→ What the exercise asks
Transcribe the listing below verbatim, omitting pictures.

→ Data shown
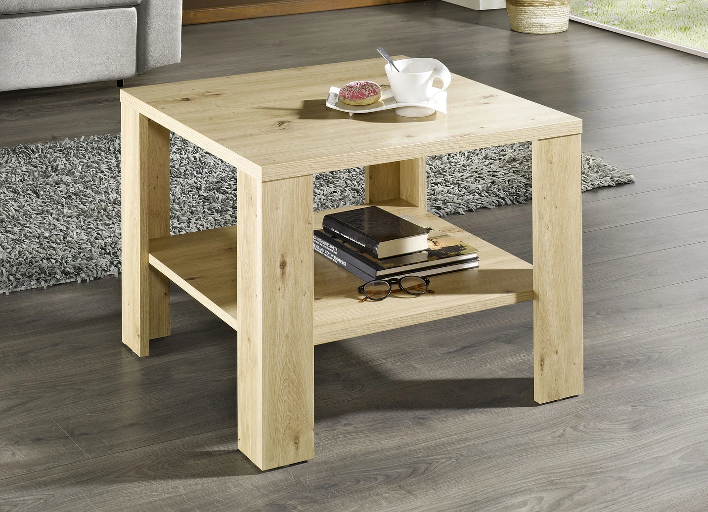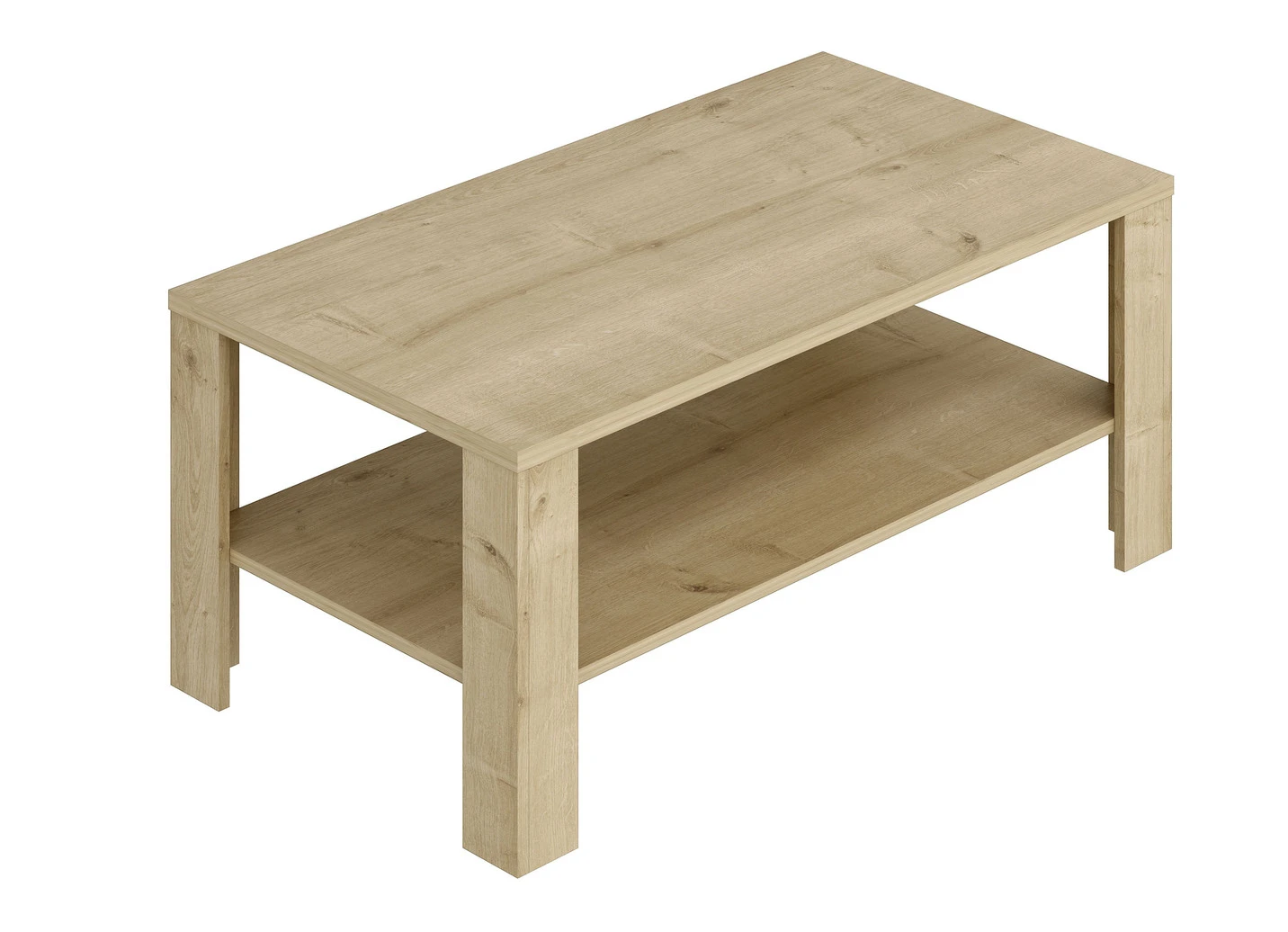 Couchtisch mit großer Ablagefläche in der Ausführung rechteckig und in Wildeiche.
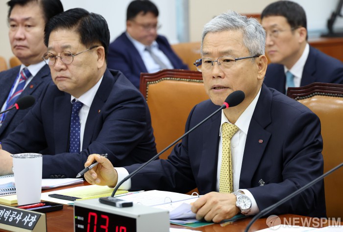 [서울=뉴스핌] 정일구 기자 = 김동철 한국전력공사 사장이 23일 서울 여의도 국회 기후에너지환경노동위원회에서 열린 국정감사에서 의원 질의에 답하고 있다. 2025.10.23 mironj19@newspim.com
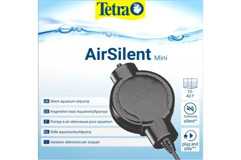 Die kompakte Tetra AirSilent Mini Luftpumpe ist speziell für Aquarien in Wohn- und Schlafzimmern konzipiert worden, deshalb wurde bei der Entwicklung besonders auf die Laufruhe von nur 34 dB Wert gelegt. Dieser Wert entspricht der Lautstärke von leisem Flüstern und ist aufgrund des piezoelektrischen Effekts möglich. Dieser Effekt sichert gleichzeitig einen sehr geringen Energieverbrauch der Tetra AirSilent Mini Luftpumpe und macht das wechseln von Membranen überflüssig. Aufgrund der geringen Größe ist die Luftpumpe besonders gut zu verstecken. Mit dem praktischen Saugnapf, zur Befestigung direkt am Aquarium, wird die Übertragung von Vibrationen zusätzlich vermindert.

→ Solution for this exercise
 Couchtisch mit großer Ablagefläche in der Ausführung rechteckig und in Wildeiche.
 [서울=뉴스핌] 정일구 기자 = 김동철 한국전력공사 사장이 23일 서울 여의도 국회 기후에너지환경노동위원회에서 열린 국정감사에서 의원 질의에 답하고 있다. 2025.10.23 mironj19@newspim.com
 Die kompakte Tetra AirSilent Mini Luftpumpe ist speziell für Aquarien in Wohn- und Schlafzimmern konzipiert worden, deshalb wurde bei der Entwicklung besonders auf die Laufruhe von nur 34 dB Wert gelegt. Dieser Wert entspricht der Lautstärke von leisem Flüstern und ist aufgrund des piezoelektrischen Effekts möglich. Dieser Effekt sichert gleichzeitig einen sehr geringen Energieverbrauch der Tetra AirSilent Mini Luftpumpe und macht das wechseln von Membranen überflüssig. Aufgrund der geringen Größe ist die Luftpumpe besonders gut zu verstecken. Mit dem praktischen Saugnapf, zur Befestigung direkt am Aquarium, wird die Übertragung von Vibrationen zusätzlich vermindert.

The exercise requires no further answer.